If she sees me as a hero, why should I work like her? Damien recalls asking himself. When I returned to class, I remembered that all the fathers were crying. I began to ask myself all sorts of questions. I was born in Mexico. I have learned that men do not cry. I learned that you have the right to ask your wife to do anything. ”
Damien says that parenting has changed his life.
“Almeida made me ask them all. Sometimes I feel like I’m leaning against a wall for not asking these questions, ”says Damien,“ but I do it because I want to do better for my wife and children. ”
Almeida has organized workshops for 28 years, reached about 250 parents a year, and some participants continue to attend for years as their children grow up and new challenges arise.
Working with public and charter schools, Almeda is invited to hold workshops for parents who have reached crisis level or are struggling to relate to their child. Most parents are Spanish-speaking, and half are undocumented immigrants, low-income and low-literacy. Many live in apartments with one or two other families — even without COVID-19 locks.
Almeida says parents often repeat their parenting. Before you can integrate new parenting skills, you must first make them feel what they grew up with and feel. Discipline, he learned, is a deep belief that parents often begin to doubt.

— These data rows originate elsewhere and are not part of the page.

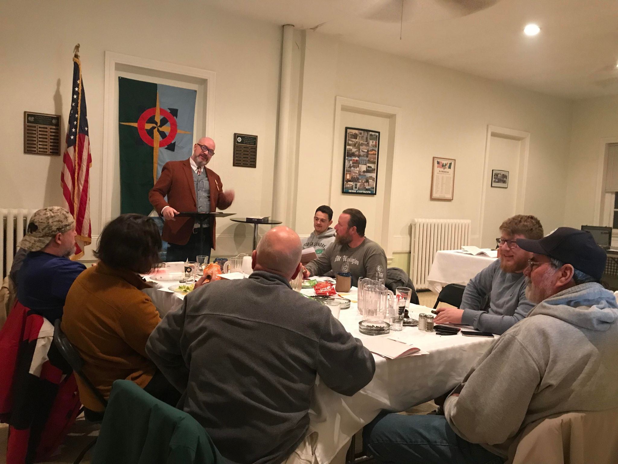 Second Rogues Dinner, Doylestown Maennerchor Society, January 12, 2022. Clockwise from speaker: Dan Morrison, Sean McVan, Roger Hull, Calvin Morrison, Jim Barr, Michael Moscherosch, Leon Moscherosch, Ray Hull, Dan Bramer (obscured). Also present at the meeting and taking this photograph was William Moult.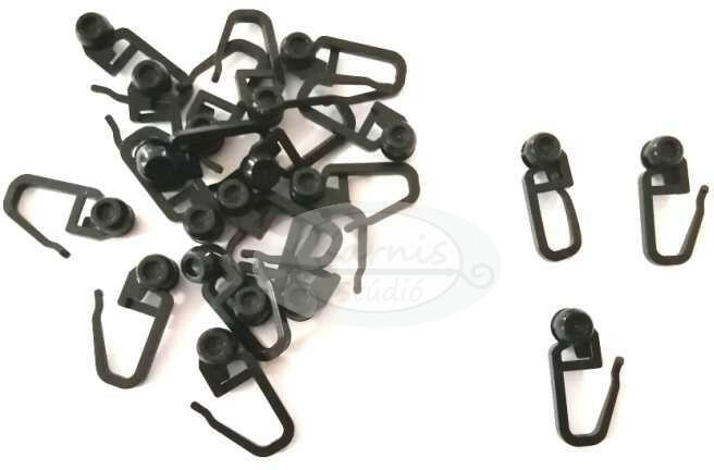 Termék részletekFekete műanyag görgős ráncszedő kampó mennyezeti sínhez (20 db/cs. ) A görgős ráncszedő kampót behúzó szalaggal varrt függönyökhöz tudjuk használni. A webáruházban megvásárolható műanyag mennyezeti sínek tartozékcsomagában ilyen kampók találhatól. Segítség a szükséges mennyiség kiszámításához: Általában a sín hosszának megfelelően 10 cm-ként 1 db csipe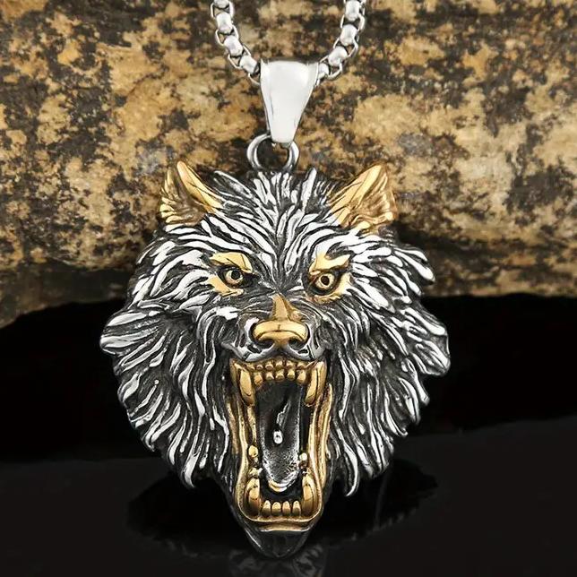 Ocelový náhrdelník a přívěsek s vlkem. Řetízek vlk je převážně stříbrné barvy, ale má na sobě prvky zlaté, které zvýrazňují jeho jednotlivé části - uši, oči, čumák, zuby. Tento řetízek vlk patří mezi věci s vlkem, které potěší každého milovníka těchto zvířat. Díky kvalitnímu materiálu můžete přívěsek nosit téměř kdykoliv a kamkoliv, klidně i do vody!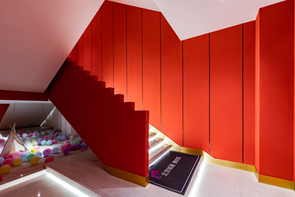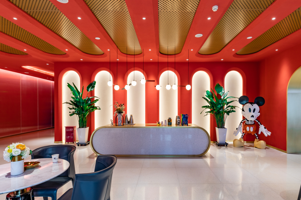 大膽的紅白金配色,呈現(xiàn)出更精致的撞色感,明亮的燈光下,墻壁線條感流暢,光影明媚,整個大廳在一派大方中盡顯富麗堂皇。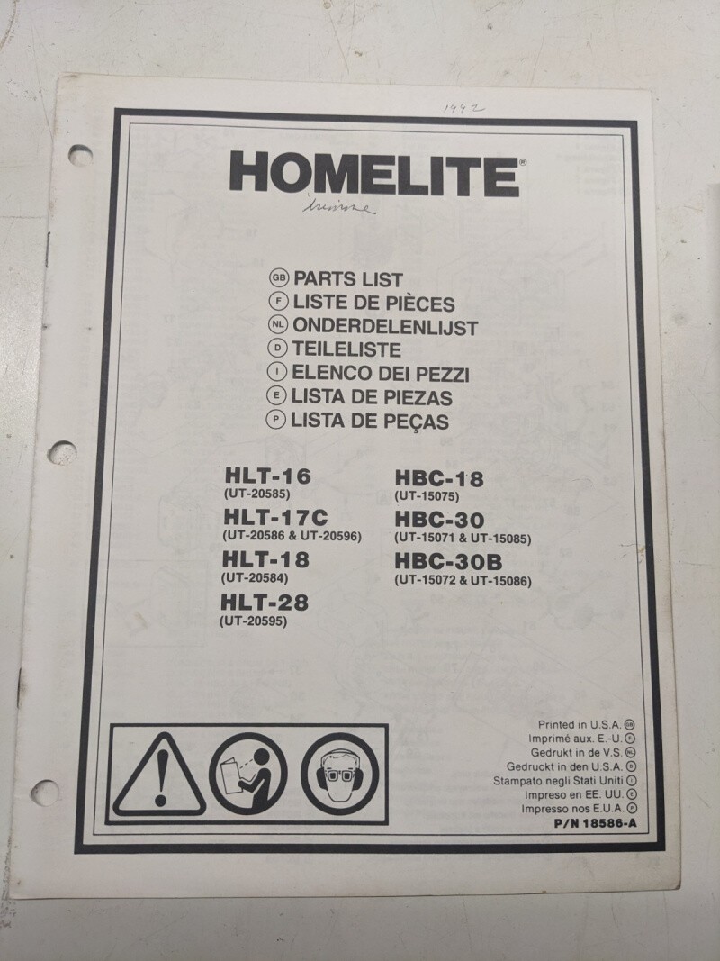 Homelite Illustrated Parts List Book Catalog Manual Trimmer Hlt Hbc 18586-A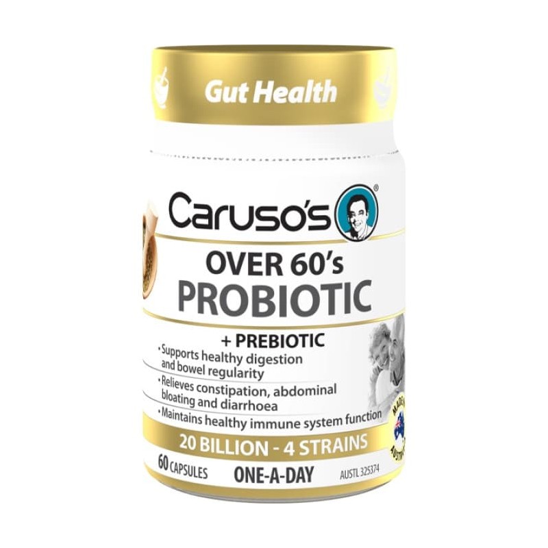 Caruso's Over 60's Probiotic provides a unique blend of probiotics making it ideal for any adult over 60 who requires support to restore beneficial gut flora, digestive health and bowel regularity. It also helps to maintain the health of the immune system.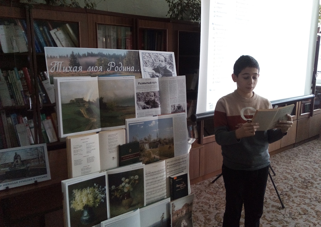 В литературной гостиной «В гостях у писателя» центральной районной межпоселенческой библиотеки состоялся музыкально-поэтический вечер «Воспевающий землю свою». Мероприятие было посвящено 90-летию со дня рождения и 55-летию со дня смерти талантливого русского поэта Николая Рубцова.

“Parents tend to go into these sessions to find a formula for their children to obey, but we know how it works,” he said. “So instead of thinking about discipline, it is important to help them develop a healthy way of life.
Curious students, future leaders
Kira-Lee Harry knew she loved math and science in middle school. “But as a doctor, I didn’t know what to do,” says Harry.
He praised the 4-H and the Annual General Professional Exploration Conference, hosted by Cornell, for expanding its understanding of how your natural talents can improve your interests and needs.
“It was the first time the Cornell Conference had entered the field of engineering as a discipline, and he knew what I wanted to do,” Harry says.
Annual CareerEx will feature 500 4-H members and chaplains who aim to provide an in-depth look at the future of education, career opportunities and campus life through workshops led by Cornell Faculty and Postgraduate Students each year.
Harry joined Grade 4 High School in sixth grade and moved to Medgar Eve College Preparatory High School in Brooklyn to start a new club. In addition to introducing her to new fields of study, she was given many opportunities to grow her interest in public speaking and civic engagement. A.D. In 2018, she was selected as the recipient of the 4-H High Performance, National Youth Action Pillar Award in four countries for her participation in citizenship. A.D. She graduated from Tandoon School of Engineering in New York University in 2021.
“4-H has been an important part of my life,” says Harry, “from national experiences, to the advice of 4-H leaders and my peers’ community who have been in contact with me all my life.”
CUCE-NYC 4-H Youth Development Programs also provide informal learning opportunities for ages 8-19 in STEM, nutrition and health, leadership development and civic engagement.
For example, the 2020 4-H STEM exam, Mars Base Camp, offers the opportunity to explore various aspects of mission to Mars while studying mechanical engineering, computer science, physics and agriculture for children ages 8-14.
Although there has been a decline in participation due to CVD-19, 4-H has attracted 4,360 young people in the recent year of the program.
“They can take opportunities, try something new, and stumble a little or more without compromising their educational opportunities,” said Lucinda Randolph-Benjamin, CCE 4-H program director. “The 4-H program introduces you to things you never thought possible, and that can change your chances for yourself.
EC Barrett is a freelance writer for the College of Human Ecology.